What these two chapters do is set the pattern for the two types of people we will read about in the rest of the Bible – these are the only two types of people that have existed since the Fall – these are the only two types of people alive today: those who hope in the Lord, and the rest of the world. One type of person will sin, and die. The other will live. And we see another pattern established here: sin breeds sin, and hope breeds hope. And even all those thousands of years ago, that hope was in the promised offspring: Jesus Christ, Who was descended from the Godly line of Seth, and later Noah.
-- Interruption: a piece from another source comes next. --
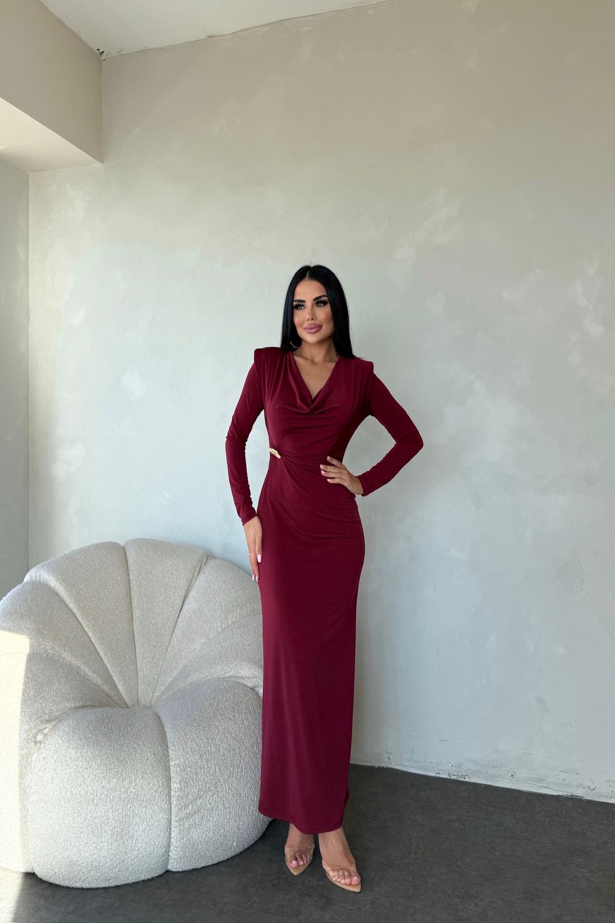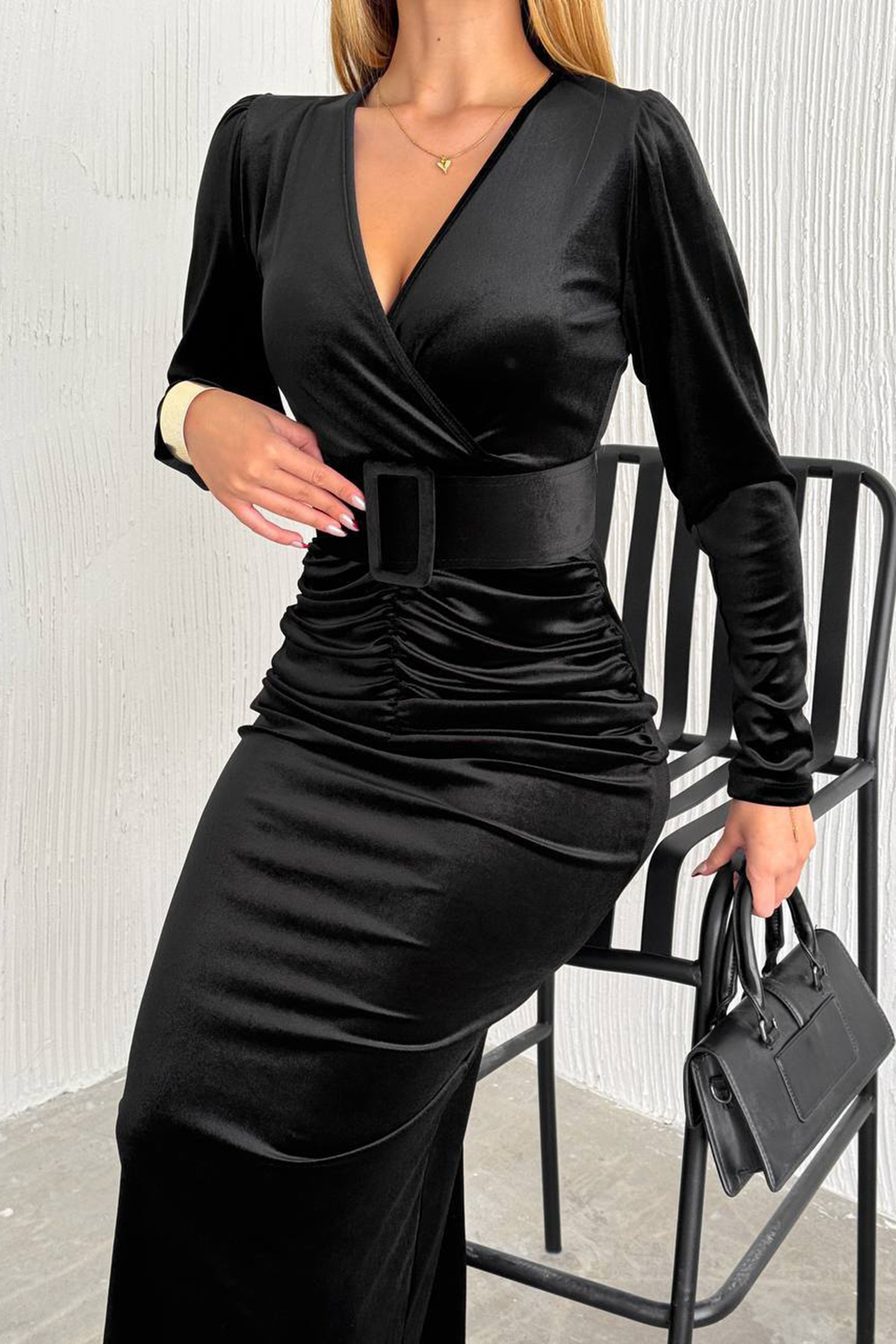 Kruvaze Yaka Kadife Kumaş Kemerli Elbise Kruvaze Yaka Kadife Kumaş Kemerli Elbise LLSTNBL-530 XL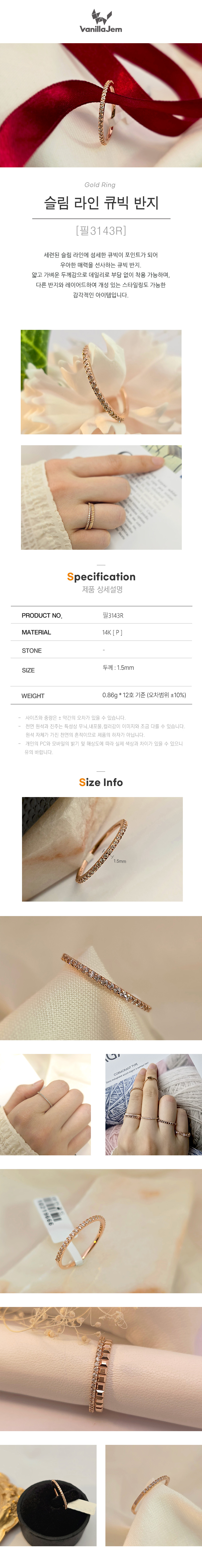 슬림 라인 큐빅 반지 [필3143R]

* The question has often been asked by atheists with an air of victory: “who was Cain’s wife?” We read of Adam, Eve, Cain, and Abel. No mention of anyone else at all. Clearly, the Bible made a mistake!! Well, not exactly. Note that in both the genealogies of Cain and Seth, only one son is mentioned by name. Seth’s line mentions “other sons and daughters” and Cain’s line mentions only those six men. The Bible does not offer an exhaustive family tree, but names only those that are major players in the story being recorded. So Adam and Eve had other children outside of Cain, Abel, and Seth. I mean, Adam and Eve were married 130 years old when Seth was born, and there was no birth control. Get the picture? So who was Cain’s wife? It was his sister, or perhaps a niece born to Abel and his sister. That is how the human race grew. After the flood, it would have been first cousins marrying and having babies. And in both cases, as the generations went on, it would have been more and more distant relatives. And I don’t mean to upset you, but your spouse is nothing more than a very distant relative, and the offspring of Noah. Think about it…
** There has been debate in Christian circles forever over the dating of the world. What year B.C. was the world created? We don’t know. Some have done the math based on the ages of fathers given in the Old Testament until they can pinpoint a year based on extra-Biblical history and they’ve come up with the year 4,004 B.C. I don’t buy that. Note that the Old Testament, in some recorded genealogies, very clearly skips generations. [Just look at Moses’ genealogy in Numbers 26:57-59. If no generations are skipped, Moses is Levi’s great-grandson. If the Exodus happens when Moses is 80, and there were 430 years between Levi going to Egypt and the giving of the law, and since Levi already had Kohath (Moses’ grandfather), that means that Moses was born ~350 years after Kohath. That’s an average age of 175 for these guys when their sons were born. The lifespan was already far less than that. The Bible was simply naming the major players in the story.] What’s the point? Don’t get caught up in the years of Genesis 5. That is not the point that Genesis is making, at all. The Bible is not concerned with dating anything, only with showing us that the lifespans began to get shorter and shorter because the creation is always moving further and further from God’s design. Do not try to take from the Bible facts that it is not intending to communicate! We cannot go beyond what God has revealed.